In the same case, the Klaassen court found that §3730(h) also “does not provide for recovery against individuals.”

In U.S. ex rel. Todd v.  Fidelity National Financial, Inc., the District of Colorado ruled that the court’s dismissal of the relator’s substantive claims under False Claims Act did not necessarily bar the same relator’s claim under the anti-retaliation provision of the FCA. (Citing U.S. ex rel. Ramseyer v. Century Healthcare Corp., 90 F.3d 1514, 1522 (10th Cir. 1996) (“The case law is clear that a retaliation claim can be maintained even if no FCA action is ultimately successful or even filed.”))
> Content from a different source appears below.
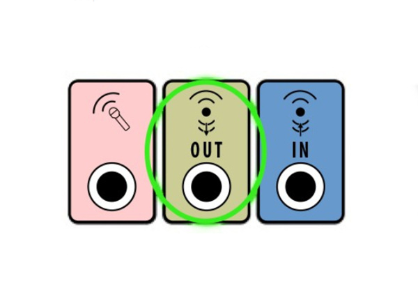 1、使用提供的音频连接线,将 1/8 英寸(3.5 毫米)插头的一端插入到电脑上的音频输出插孔。该插孔在大部分个人电脑声卡上为绿色。如果不是,请参考以下连接方式:

Pro se parties are still not allowed to prosecute False Claims Act cases. The District of Colorado reaffirmed this long-standing rule in U.S. ex rel. Owen v. Duran.
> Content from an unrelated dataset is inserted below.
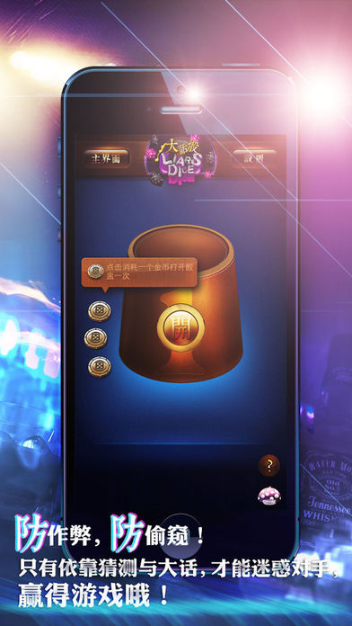 何处大话,哪里骰? 有了“大话骰”,随时大话,随地骰! 大话骰是酒局、聚会、KTV、CLUP 中一款经典群体综艺游戏,因其娱乐性强但又不失益智脑力思考而备受玩家推崇。 但是由于这个游戏要使用到大量的骰子和骰盅,不能随时随地玩,不过热衷于这款游戏的玩家们不要担心,有了“大话骰”,就能立刻把你的IPhone变成骰盅,和朋友玩游戏、猜点数了。 不需要骰子和骰盅,只要带上手机,把IPhone当做摇骰子的骰盅,就可以和身边的朋友如同在party中一样,尽情放纵狂欢,享受游戏的疯狂了。 游戏中,玩家在叫骰时要尽量用大话误导别人,而且还要通过察言观色来识破他人的大话诡计,非常考验猜测与反猜测能力哦,让玩家在彼此的明争暗斗中,获得游戏的乐趣。 游戏说明: >>游戏模式 如果你和你的朋友都有iPhone或者iPad,那么可以免费安装使用单人模式玩。 如果现场只有1台IPhone或iPad,那么可以选择使用双人模式和三人模式,最多3人一起玩! 游戏进行时的大部分操作均可用手势完成,真实感强烈。您还可以探索一下,不用点击,而是去滑动、拖动哦! 同时,游戏还具有防作弊功能,摇好骰子后,骰盅会自动合上,防止其他玩家偷窥。如果玩家忘记了自己的点数,只需点击旁边的金币,就能打开骰盅二次查看啦! >>游戏进行方式 入局的玩家,每人分给骰盅1个,骰子5个,等定位后,玩家摇晃手机进行摇晃骰子的动作,骰子摇定后,看自己的骰子点数,然后猜测对方骰子点数,估算出所有玩家的某个点数总和进行叫骰,互猜各方骰子点数加起来有几颗。玩家对叫骰者叫出的骰子点数产生怀疑时,可以要求所有参与者进行开盅验证。开盅后,如果叫骰者猜对点数,那么叫骰者获胜,怀疑者失败;如果叫骰者猜错点数,那么怀疑者获胜,猜错点数的叫骰者失败。 >>游戏规则 玩家在叫骰时从A个B开始叫,其中A=1、2、3、4、5、……,B=1、2、3、4、5、6。比如玩家可以叫3个4,叫完后,其他人如果不相信这个点数存在,可以“开”所有人的盅。如果所有人的盅里点数相加没有“3个4”,那么选择开盅的人赢,叫骰的人输。如果玩家叫了“3个4”后,其他人相信,可以由其他人继续叫骰,叫的点数必须比“3个4”要大,比如“4个4”或者“3个5”……直到有人不相信,进行开盅,才能判断输赢。 >>特殊玩法 当玩家叫骰时,如果“1点”数没有被喊到,那么“1点”可以作为任何数,也就是“百搭”。例如所有骰盅内共有1个5,3个4点,2个1点,则此时相当于有3个5,或5个4。 >>游戏策略 叫骰时应先采取一些欺骗性策略手段来迷惑对手,这也是大话骰中“大话”这个名字的由来哦,说大话、谎话令对手产生错误的判断,而后按自己的点数真实叫骰,虚实结合,所向无敌。 各位玩家,还在等什么,赶快拿起你的手机,下载大话骰游戏,和朋友们体验游戏带来的狂欢吧! 如果你有任何意见或建议,请找小蘑菇哦! 您的每一条宝贵意见我们都会认真阅读和参考,并以此为方向和动力,从而更加完善我们的游戏。

The False Claims Act’s anti-retaliation provision has a three-year statute of limitations following the Dodd-Frank Act’s amendments. In Dopp v. Taylor’s Crossing Public Charter School, Inc., the defendant sought summary judgment on the plaintiff’s anti-retaliation claim under the False Claims Act, arguing that a 180-day limitations period applied. Apparently the defendant was unaware that the Dodd-Frank Act specified a three-year limitations period for those claims. The court denied the motion.